Exercise objective: The data must be reproduced verbatim; images are to be omitted.

Collected data:
Segment Open

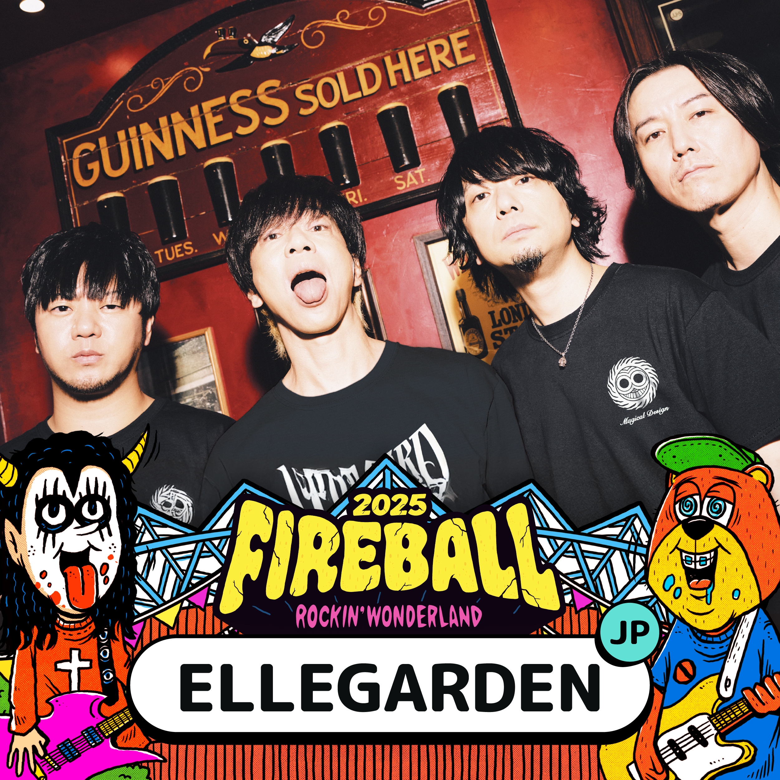 2025火球祭 今日公布最終波名單,魔王 ELLEGARDEN再次重磅回歸!至今已成團 27 年的 ELLEGARDEN,是 2000 年代紅遍日本海內外的指標性樂團,影響無數樂團如 ONE OK ROCK、WANIMA 等,也是不少龐克樂迷的啟蒙傳奇。他們在歷經了中間十年的休團後,終於在2018年宣布復出,並於 2019 年登上火球祭,獻上樂團首次台灣演出。與滅火器樂團私交甚篤的 ELLEGARDEN,主唱細美武士曾與滅火器合作過歌曲,更曾在2023火球祭時登上滅火器的舞台合唱 ELLEGARDEN 經典曲目〈Make a Wish〉。 2024 樂團因故無法來台讓樂迷惋惜不斷,終於盼到 2025 樂團再次回歸火球祭舞台的消息。滅火器主唱大正也說:「這次火球祭跟 BRAHMAN 主辦、在日本的另一個音樂祭撞期,但講義氣的細美武士為了我們硬是喬了樂團行程,讓 ELLEGARDEN 能夠守約再次登上火球祭,真的感謝我的好友!等不及再次招待他們了!」。ELLEGARDEN 也於日前釋出為動畫《航海王》特別打造的片頭單曲〈Carmine〉,也是樂團首次打造動畫主題曲,也讓樂迷期待是否能在這次聽到新曲首唱。
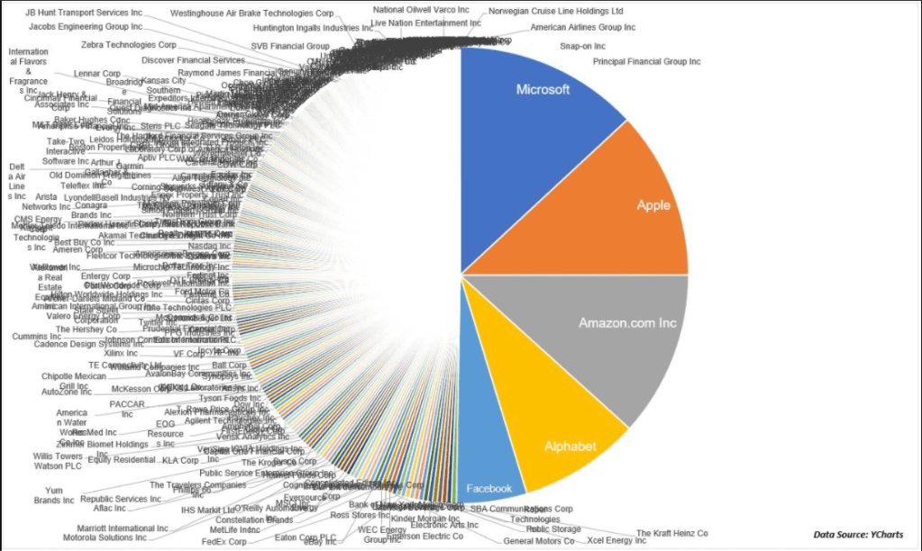 ci accorgeremo che il Dow Jones (ha il 6% delle aziende dello S&P) si discosta di poco dallo S&P 500. Questo vuol dire che non c’è bisogno di replicare l’S&P 500 comprando tutte le azioni che ci sono all’interno, ma magari la metà, cosi le 250 rimaste che mi complicherebbero la vendita perché poco scambiabili le ho eliminate.
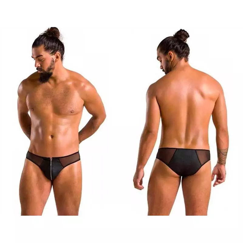 Voici le slip 042 Timmy proposé par Passion Lingerie, une lingerie sexy masculine conçue dans un tissu semi-transparent sur les hanches avec un effet mouillé ultra doux sur devant et derrière.

Segment Closed

Answer to this task:
 2025火球祭 今日公布最終波名單,魔王 ELLEGARDEN再次重磅回歸!至今已成團 27 年的 ELLEGARDEN,是 2000 年代紅遍日本海內外的指標性樂團,影響無數樂團如 ONE OK ROCK、WANIMA 等,也是不少龐克樂迷的啟蒙傳奇。他們在歷經了中間十年的休團後,終於在2018年宣布復出,並於 2019 年登上火球祭,獻上樂團首次台灣演出。與滅火器樂團私交甚篤的 ELLEGARDEN,主唱細美武士曾與滅火器合作過歌曲,更曾在2023火球祭時登上滅火器的舞台合唱 ELLEGARDEN 經典曲目〈Make a Wish〉。 2024 樂團因故無法來台讓樂迷惋惜不斷,終於盼到 2025 樂團再次回歸火球祭舞台的消息。滅火器主唱大正也說:「這次火球祭跟 BRAHMAN 主辦、在日本的另一個音樂祭撞期,但講義氣的細美武士為了我們硬是喬了樂團行程,讓 ELLEGARDEN 能夠守約再次登上火球祭,真的感謝我的好友!等不及再次招待他們了!」。ELLEGARDEN 也於日前釋出為動畫《航海王》特別打造的片頭單曲〈Carmine〉,也是樂團首次打造動畫主題曲,也讓樂迷期待是否能在這次聽到新曲首唱。
 ci accorgeremo che il Dow Jones (ha il 6% delle aziende dello S&P) si discosta di poco dallo S&P 500. Questo vuol dire che non c’è bisogno di replicare l’S&P 500 comprando tutte le azioni che ci sono all’interno, ma magari la metà, cosi le 250 rimaste che mi complicherebbero la vendita perché poco scambiabili le ho eliminate.
 Voici le slip 042 Timmy proposé par Passion Lingerie, une lingerie sexy masculine conçue dans un tissu semi-transparent sur les hanches avec un effet mouillé ultra doux sur devant et derrière.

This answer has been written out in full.